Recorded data
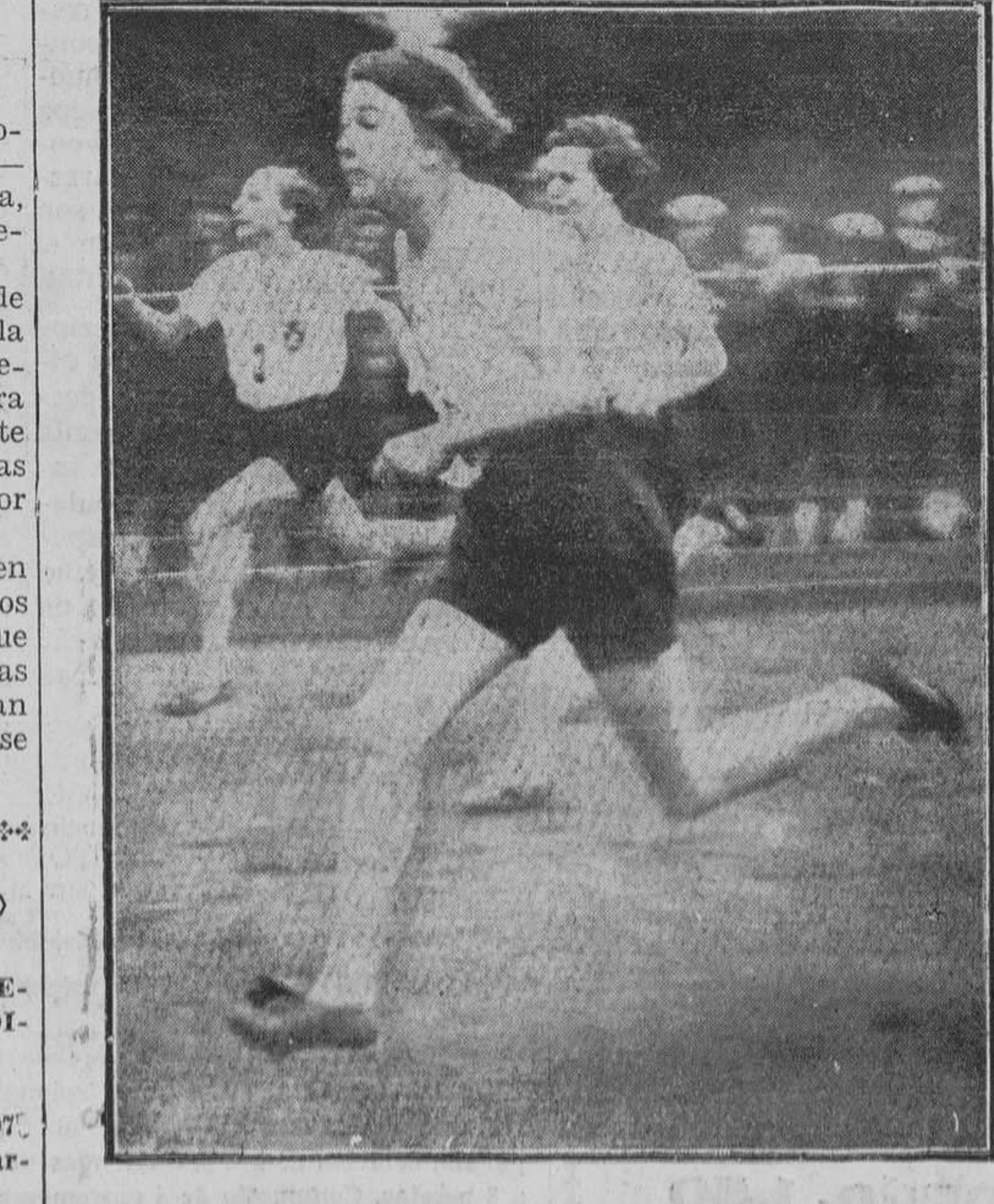
Atletismo femenino.—La llegada en unas bayonetas de los campeonatos ingleses.
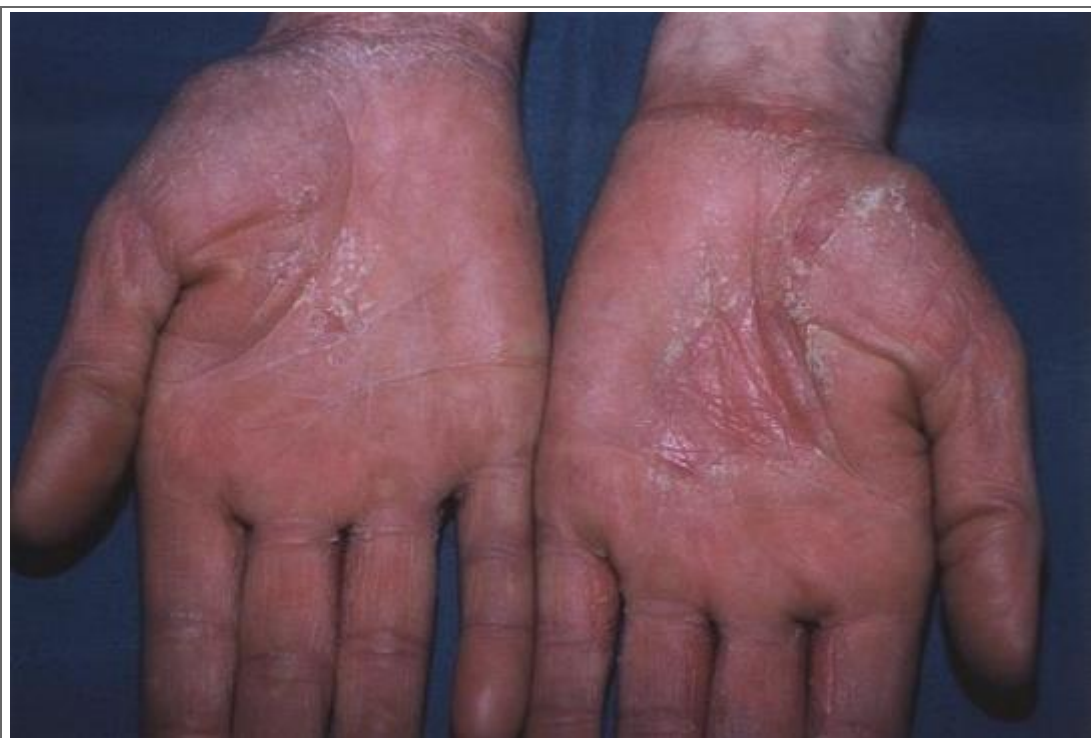
Kérotodermie circonscrite palmaire bilatérale, à prédominance gauche, chez ce droitier
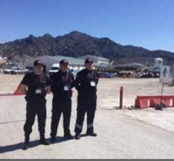
Karadeniz Bölge Müdürlüğü bünyesinde Gülermak Ağır Sanayi Taahhüt A.Ş. Osmancık ve Maksutlu şantiyede göreve başlandı.

Securitas Türkiye, yine birçok farklı sektörde hizmet vermeye devam ediyor. Yeni projelerimizde göreve başlayan tüm çalışanlarımıza Securitas Ailesi'ne "Hoş Geldiniz" diyor ve başarılar diliyoruz.
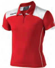
90430201 ROSSO/BIANCO RED/WHITE
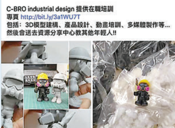
陳聲指「手足」做手作時薪只有60元。
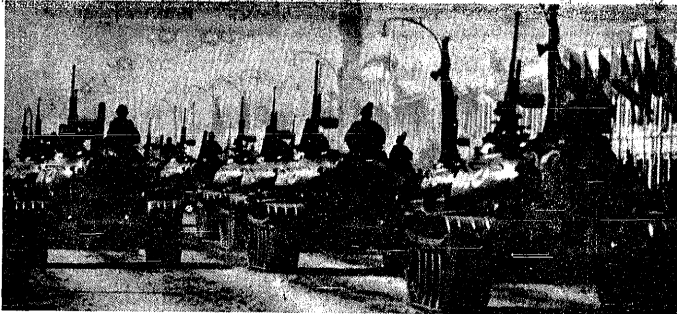
چند واحد از تانکهای افغانستان هنگام رژه در کابل - نمائی از مسجد معروف عیدگاه در عکس دیده می شود
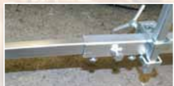
horizontale Verlängerung für breitere Fahrzeugtüren
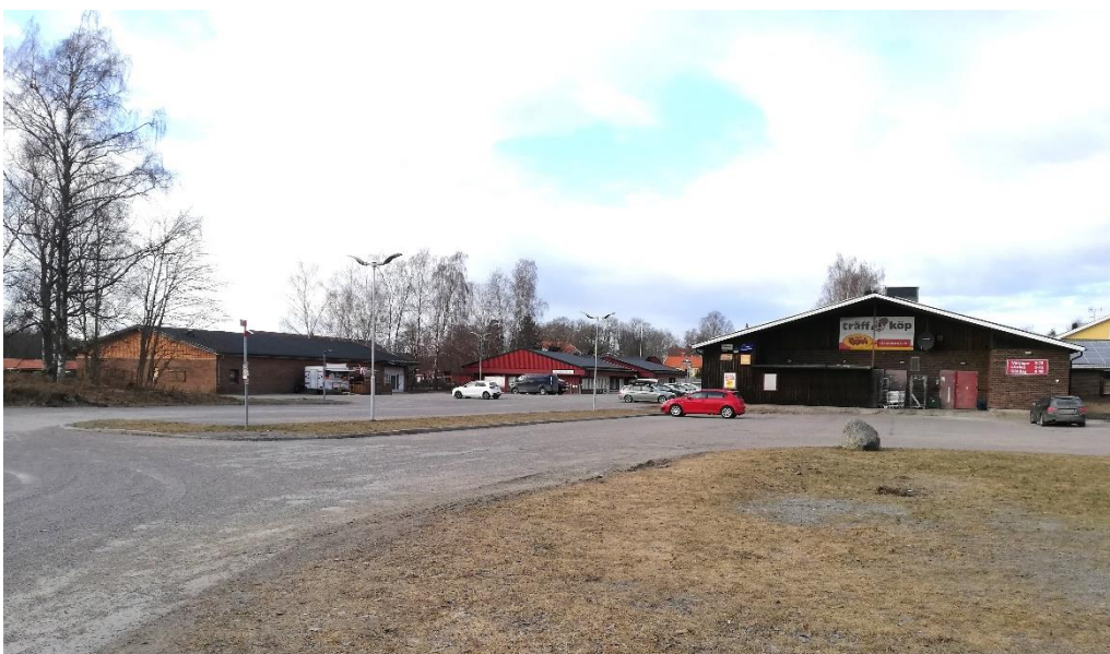
Livsmedelsaffären Träffen, en samlingspunkt i nuvarande Bälinge centrum. I bakgrunden syns Klockarbols förskola
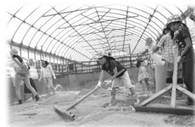
豚さんのベットをつくりました
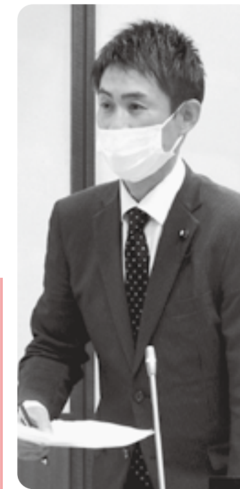
小川 克也 議員

答 実施状況の検証、公募で競争原理が働き、指定管理者には緊張感を持った管理運営が望まれる。年度ごと、実施状況の検証が必要ではないか。事業報告に対する評価は実施していない。施設運営の改善点など更なる住民サービスの質の向上に努めていきたい。
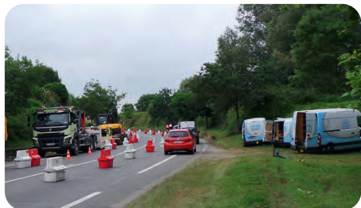
Installation et mise en sécurité du chantier – 01/07/2021

Réparation d'une fuite sur la canalisation en fonte de 400 mm de diamètre, en bordure de rocade à Mazères-Lezons, début juillet 2021 :
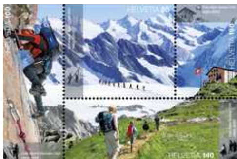
Марка «150-летию CAS»

Кроме того, вниманию филателистов предлагаются марки, посвященные 150-летию CAS, котор
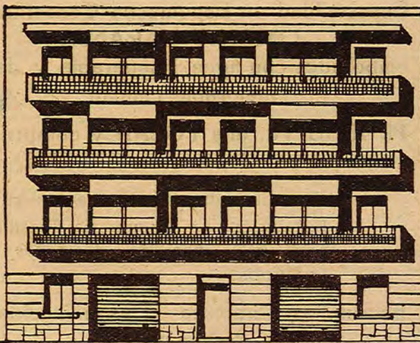
Calle General Yagüe

Suscripción Trimestral, 25; Semestral, 50; Anual, 100 Depósito legal A.-N.º 9 - 1958
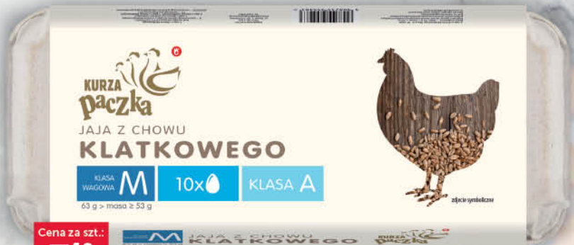
JAJA Z CHOWU KLATKOWEGO KL. M KURZA PACZKA 10 szt. [z wolnego wybiegu kl L 10 szt.: 9,49/0 % VAT]
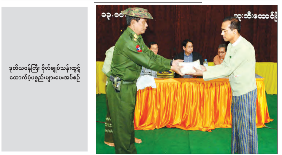
ဒုတိယဝန်ကြီး ဝိုလ်ချုပ်သန်းထွဋ် ထောက်ပံ့ပစ္စည်းများပေးအပ်စဉ်
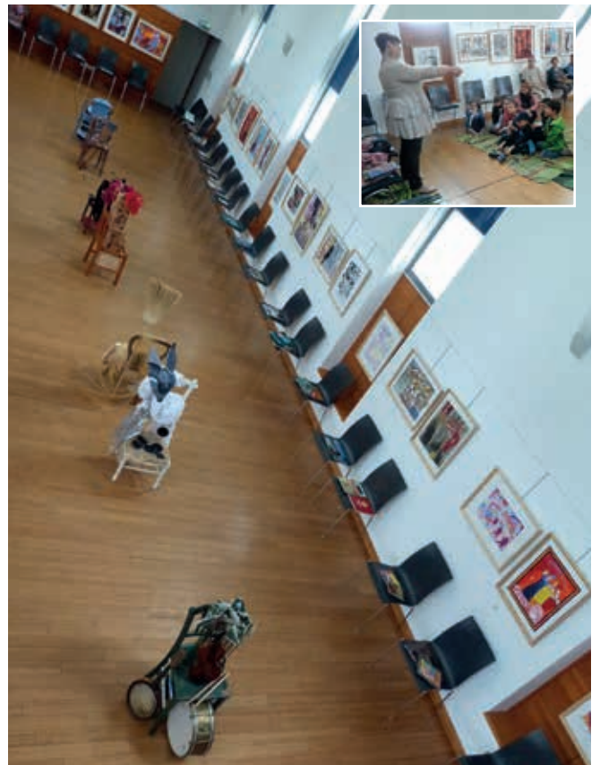
Les CP de Liverdun ont profité de l'événement dans le cadre des NAP
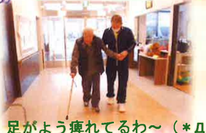
足がよう痺れてるわ〜(*Д*)
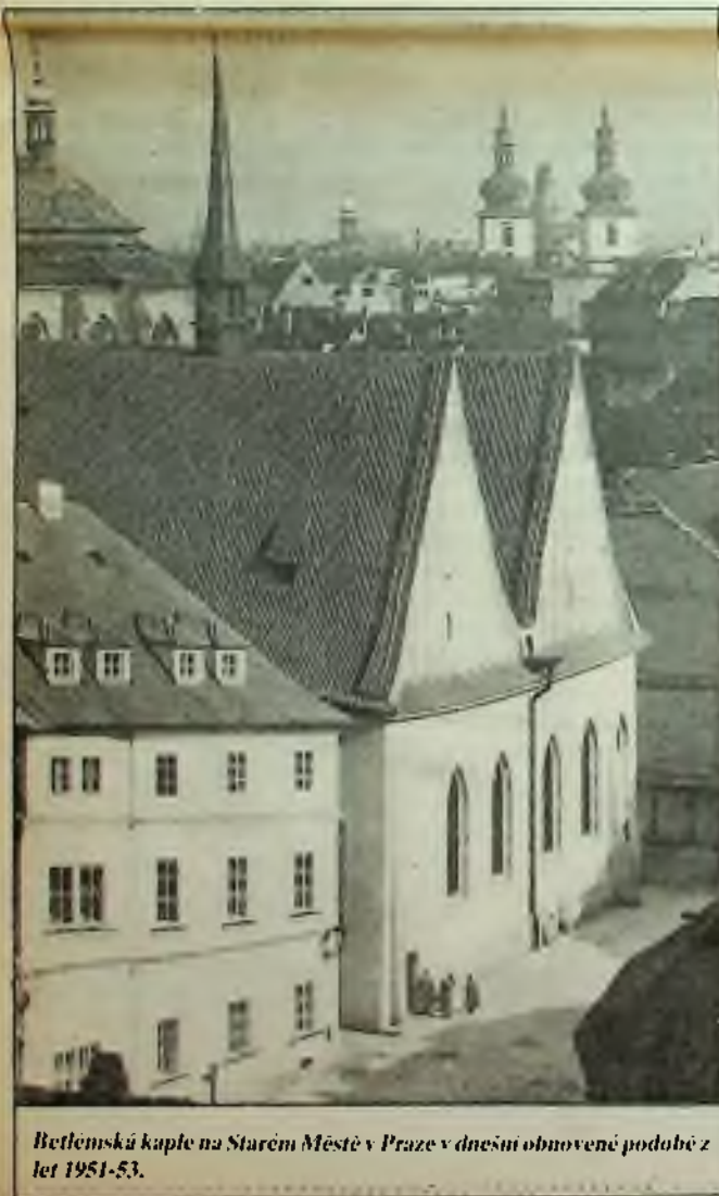
Betlémská kaple na Starém Městě v Praze v dnešní obnovené podobě z let 1951-53.
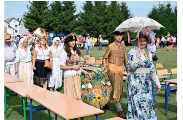
Wieńcom towarzyszyły Delegacje Powiatowe – niektóre bardzo ciekawie ubrane
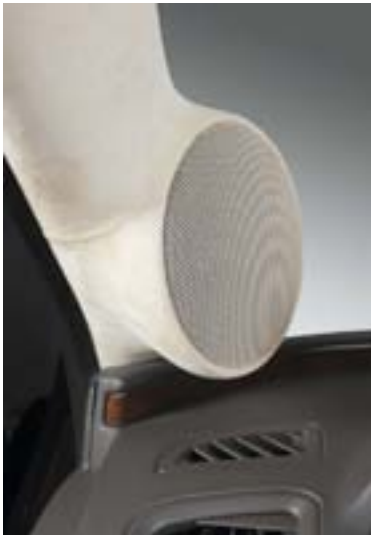
СЧ и ВЧ-головки разместились на вновь созданных рабочих местах...
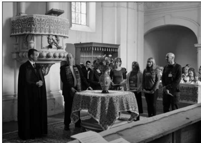
Az európai nemzetek egy-egy képviselője anyanyelven emlékezett az első világháború áldozataira

▶ [Your instructions]: Above are the records; return the lines in them from the one with "Suscripción Trimestral, 25;" to the one with "Betlémská kaple na", inclusive, exactly and without images.

▶ [Your solution]:
Suscripción Trimestral, 25; Semestral, 50; Anual, 100 Depósito legal A.-N.º 9 - 1958
JAJA Z CHOWU KLATKOWEGO KL. M KURZA PACZKA 10 szt. [z wolnego wybiegu kl L 10 szt.: 9,49/0 % VAT]
ဒုတိယဝန်ကြီး ဝိုလ်ချုပ်သန်းထွဋ် ထောက်ပံ့ပစ္စည်းများပေးအပ်စဉ်
Les CP de Liverdun ont profité de l'événement dans le cadre des NAP
足がよう痺れてるわ〜(*Д*)
Betlémská kaple na Starém Městě v Praze v dnešní obnovené podobě z let 1951-53.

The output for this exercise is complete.